*** Data extract ***

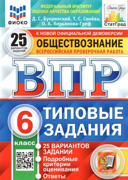 Если вы обнаружили ошибку в описании товара «ВПР ФИОКО. Обществознание. 6 класс. Типовые задания. 25 вариантов» (авторы: Кирьянова-Греф Ольга Александровна, Синева Татьяна Сергеевна, Букринский Даниил Сергеевич), то выделите её мышкой и нажмите Ctrl+Enter. Спасибо, что помогаете нам стать лучше!
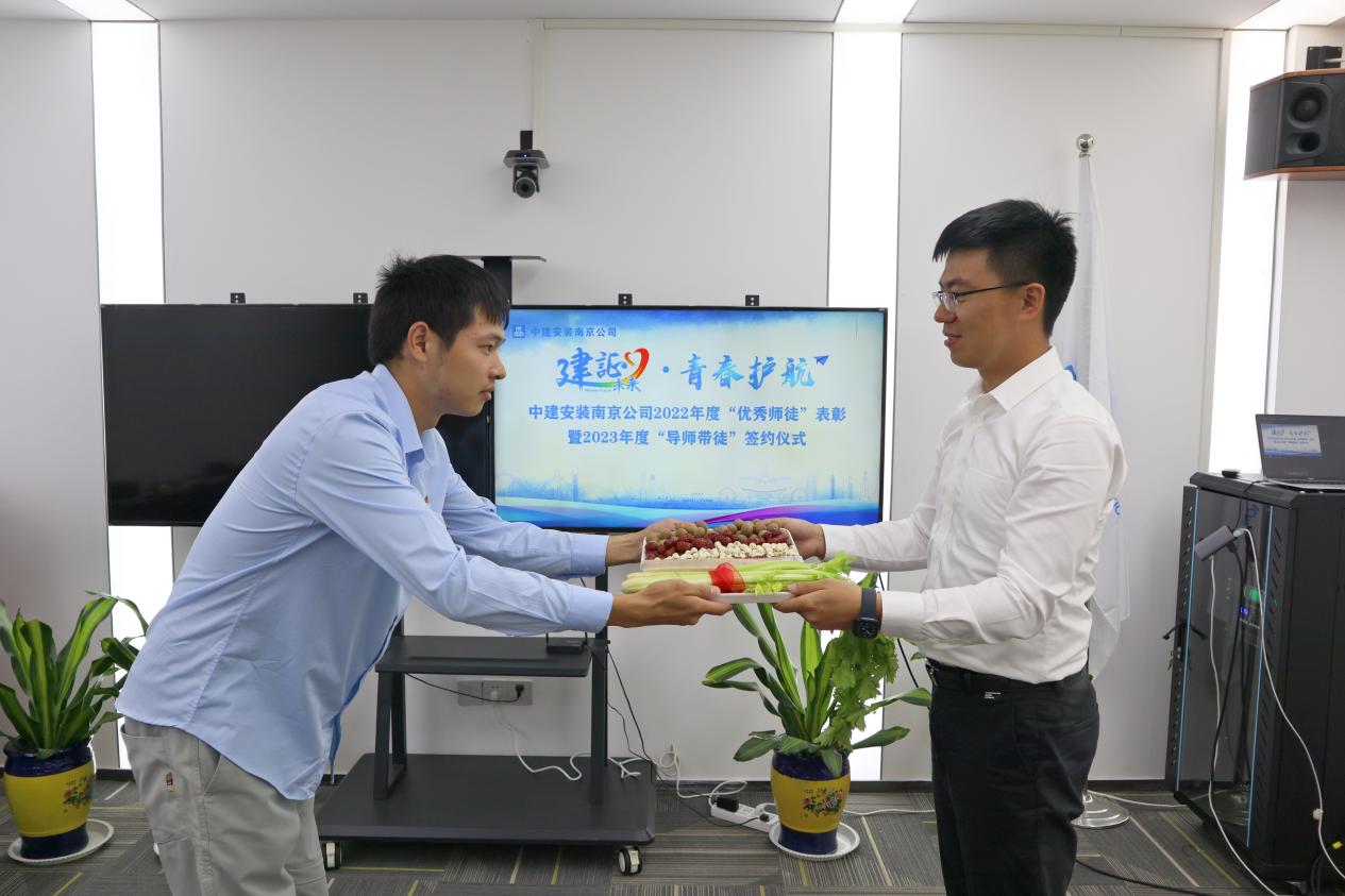 在中建安装南京公司,一直有“导师带徒”的光荣传统,多年来,通过“老带新、师带徒”模式,培养和造就了近千名知识型、技能型、专业型、创新型技术人才。在第39个教师节到来之际,87名2023年应届毕业生在江苏、安徽所辖的10个城市同步开展拜师仪式。
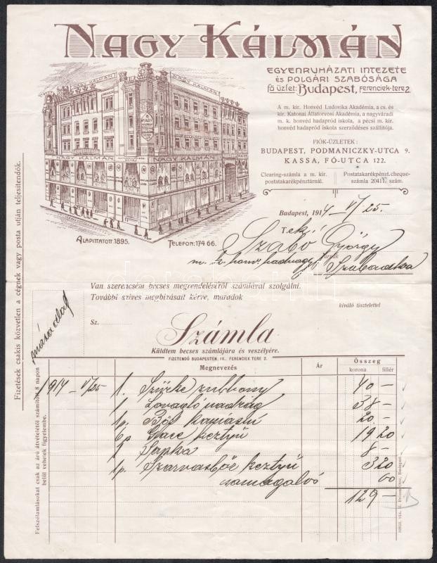 Beschreibung: 1914 Bp. Ferenciek tere, Nagy Kálmán Egyenruházati Intézete és Polgári Szabósága fejléces számla, rajta az üzlet látképével
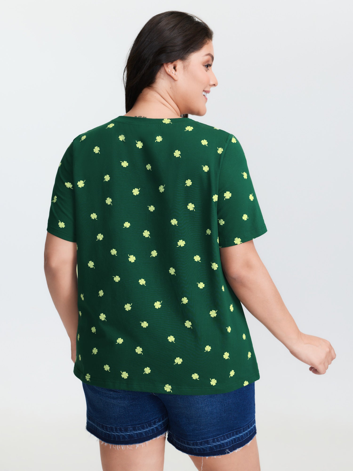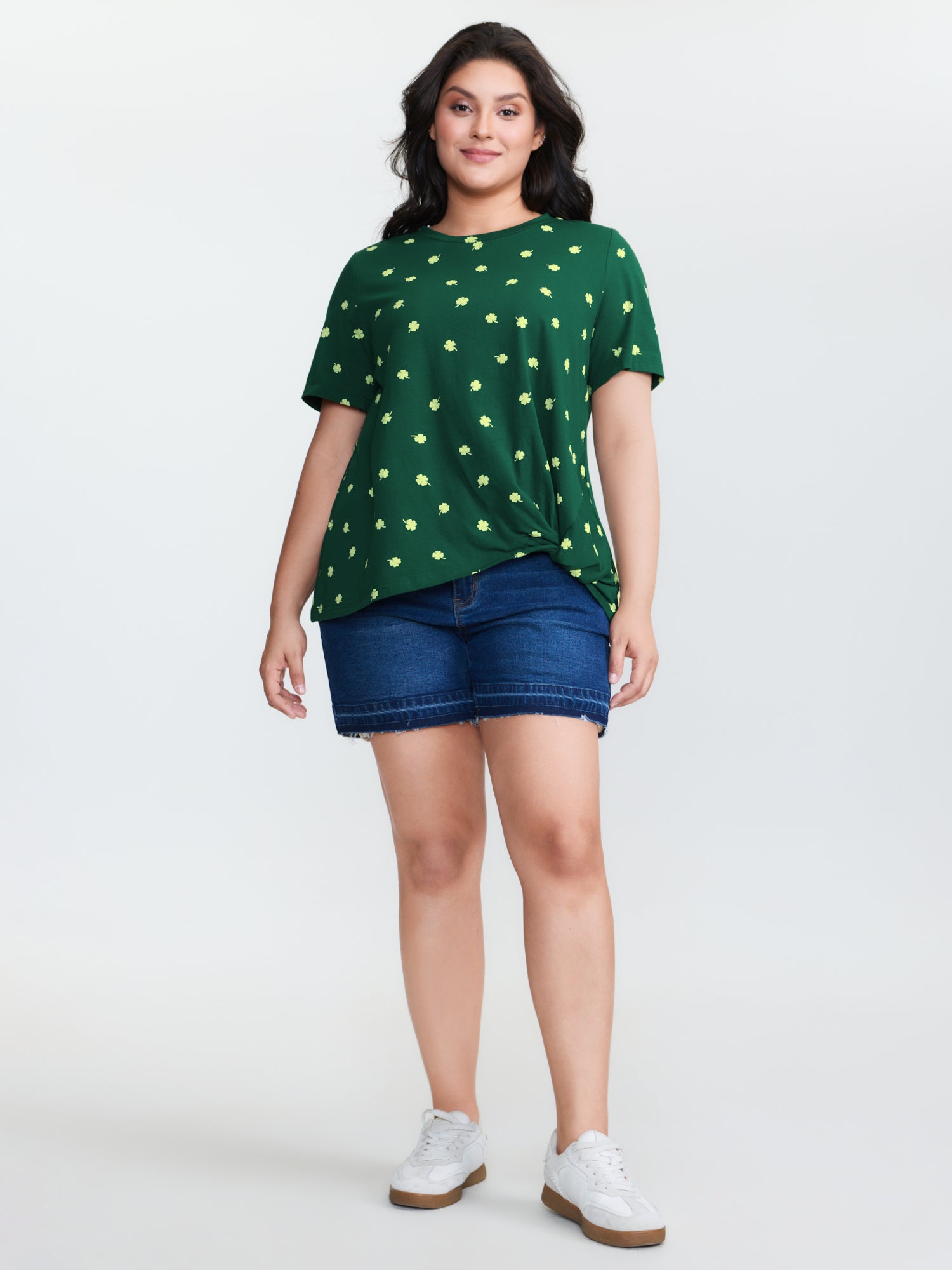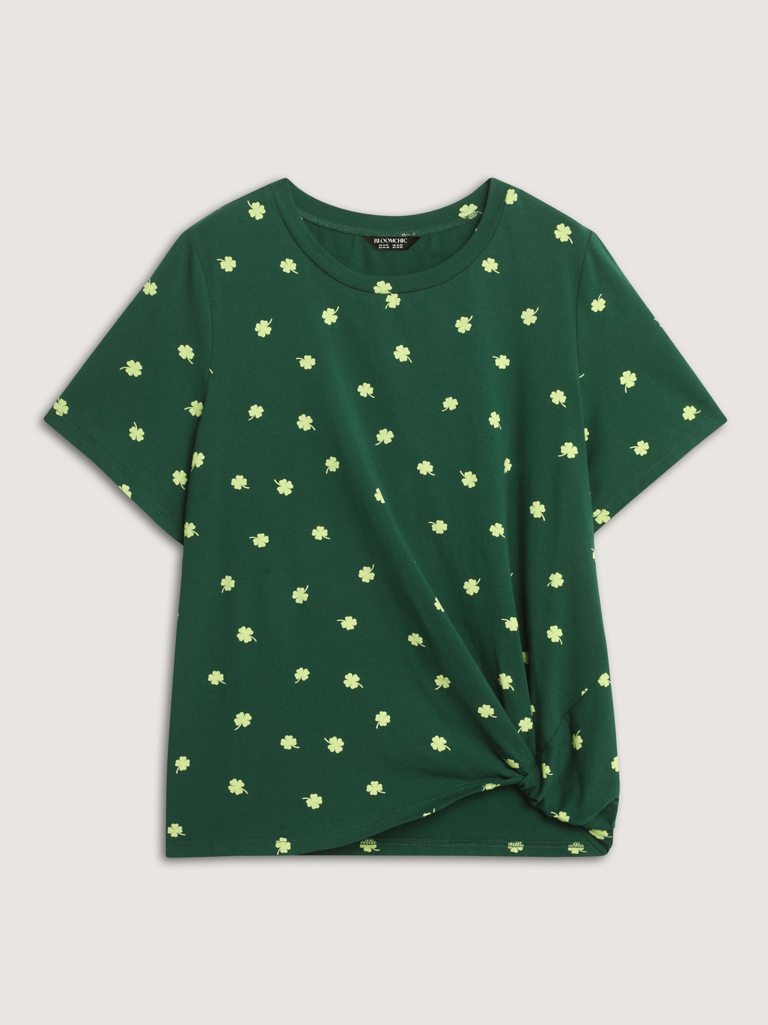 Shop Four Leaf Clover Print Knotted Side T-Shirt now and redefine your style with confidence at BloomChic. Tailored for mid and plus-size women. This trendy Tops Women, sizes 10-30. Color:Dark Green;Style:Playful;Prints:Ditsy floral;Neckline:Round Neck;Sleeve Type:Regular Sleeve;Details:Twist;Pocket:No-pocket

***

* Problem statement: Where the line containing "Beschreibung: 1914 Bp." appears, begin writing out the lines word for word, and continue through the last line of the data, leaving out pictures.

* Task solution:
 Beschreibung: 1914 Bp. Ferenciek tere, Nagy Kálmán Egyenruházati Intézete és Polgári Szabósága fejléces számla, rajta az üzlet látképével
 Shop Four Leaf Clover Print Knotted Side T-Shirt now and redefine your style with confidence at BloomChic. Tailored for mid and plus-size women. This trendy Tops Women, sizes 10-30. Color:Dark Green;Style:Playful;Prints:Ditsy floral;Neckline:Round Neck;Sleeve Type:Regular Sleeve;Details:Twist;Pocket:No-pocket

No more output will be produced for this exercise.